Hinse v. Canada, SCC [2015]

Key passage: “In our opinion, a standard of bad faith that encompasses serious recklessness as defined in Finney and applied in Sibeca is consistent with the logic of Quebec’s principles of civil liability. Moreover, this standard is akin to the concept of gross fault, which includes gross recklessness.

This standard is of course higher than the standard of simple fault that the trial judge incorrectly applied in the case at bar. A simple fault such as a mistake or a careless act does not correspond to the concept of bad faith that defines the limits of the Crown’s qualified immunity. Moreover, it would be paradoxical if the exercise of the Minister’s power of mercy were subject to a reasonableness standard on judicial review while being considered from the standpoint of a simple fault in extracontractual liability.

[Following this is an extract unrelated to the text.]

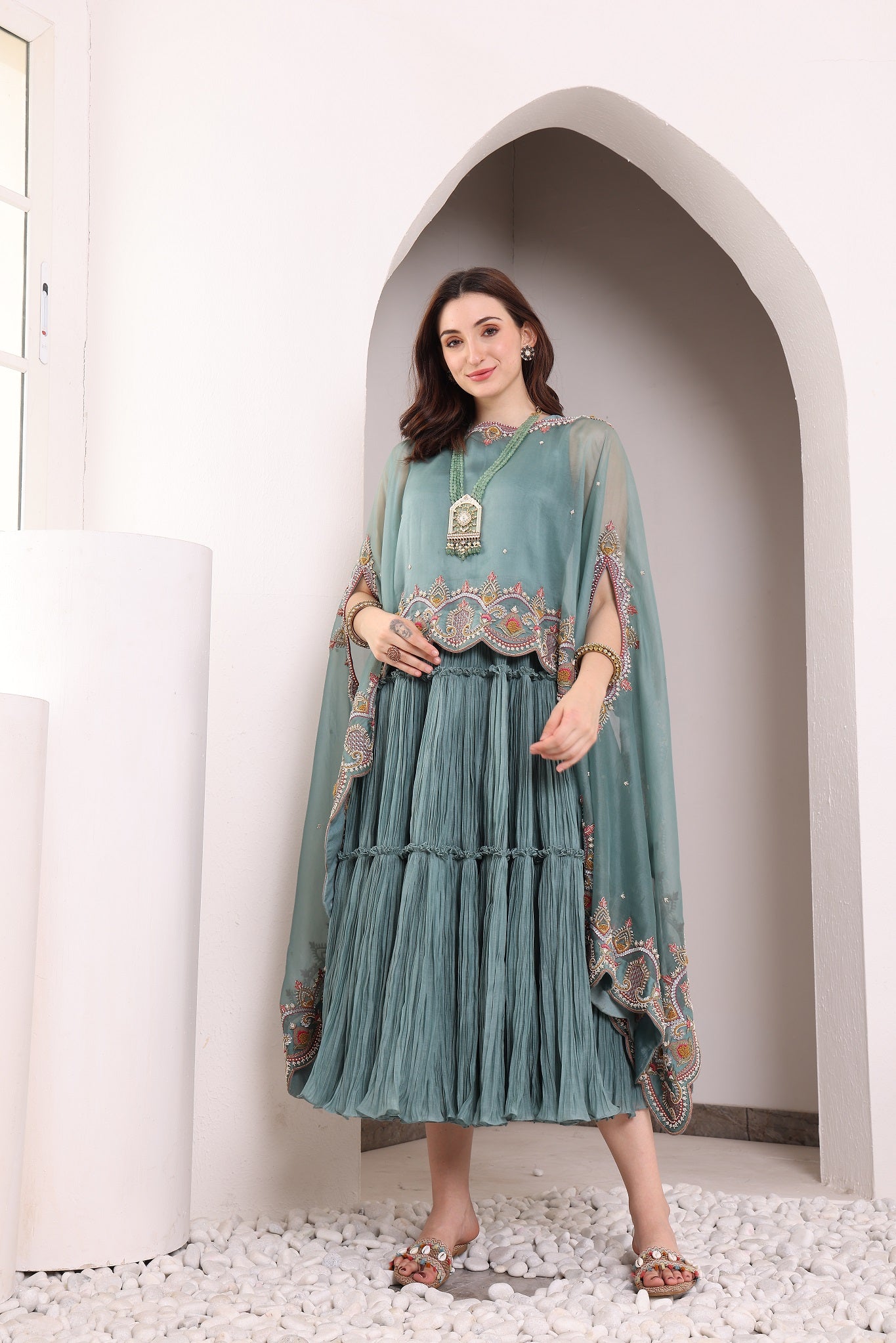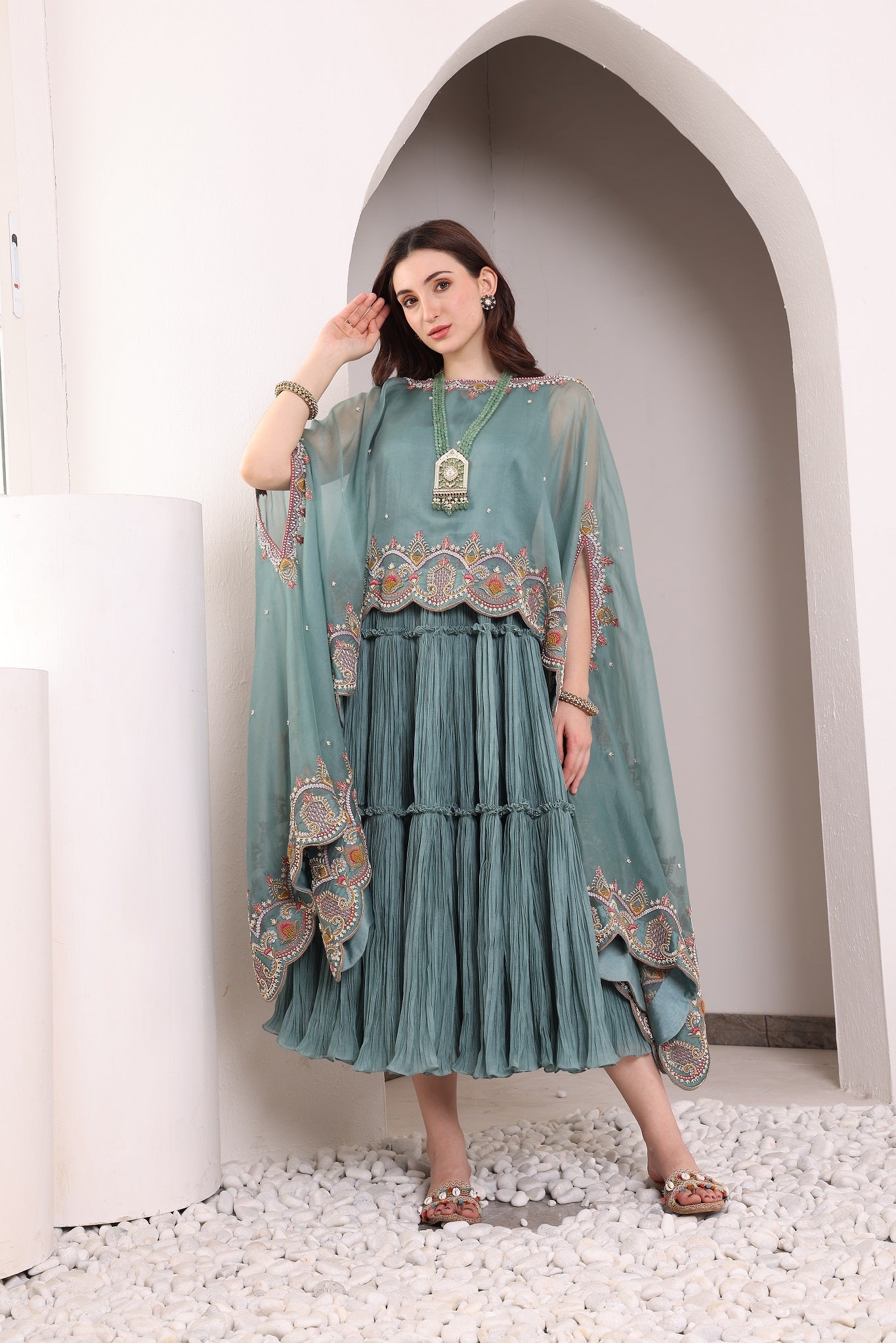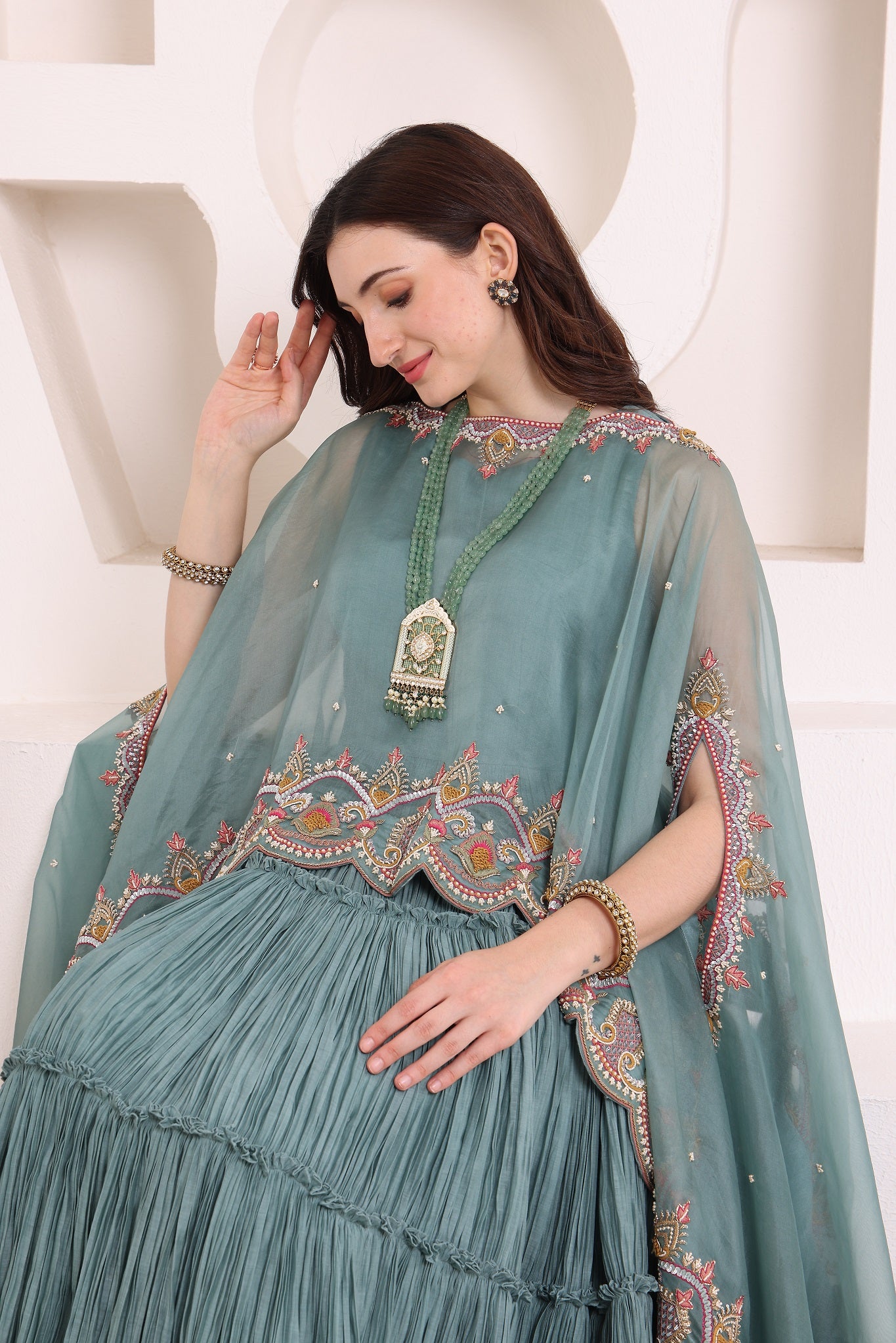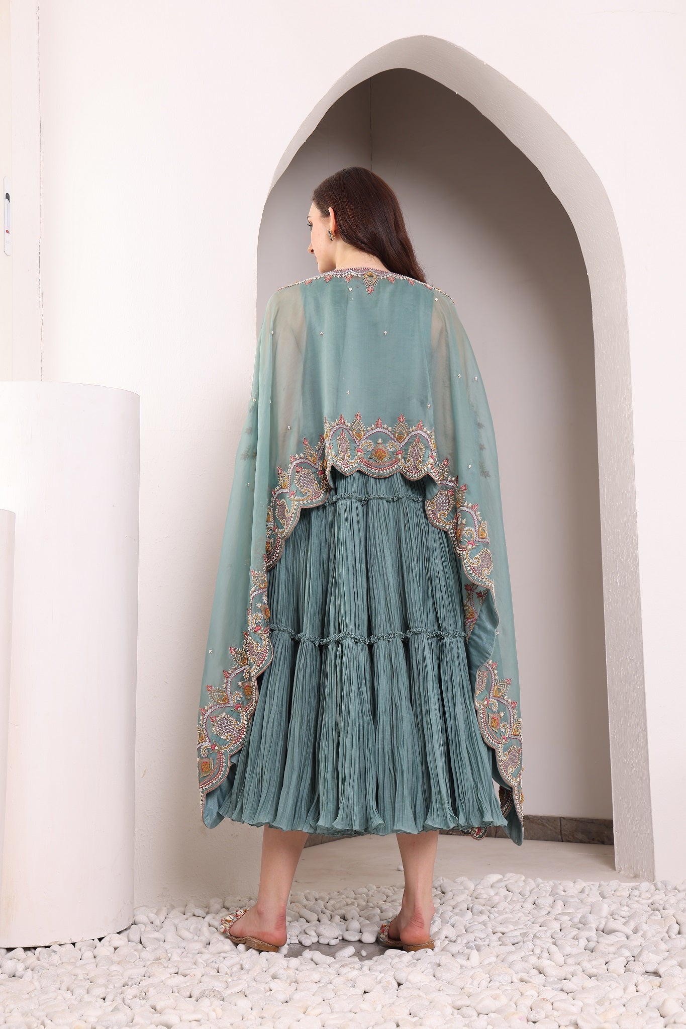 • EMBROIDERY: ANTIQUE DABKA, ANCHOR, PEARLS, SEQUINS WITH ZARDOZI

In sum, decisions of the Minister that are made in bad faith, including those demonstrating serious recklessness — as defined in Finney and Sibeca — on the Minister’s part, fall outside the Crown’s qualified immunity. Bad faith can be established by proving that the Minister acted deliberately with the specific intent to harm another person. It can also be established by proof of serious recklessness that reveals a breakdown of the orderly exercise of authority so fundamental that absence of good faith can be deduced and bad faith presumed. It is with this in mind that the duty owed by the Minister when exercising his or her power of mercy must be analyzed.”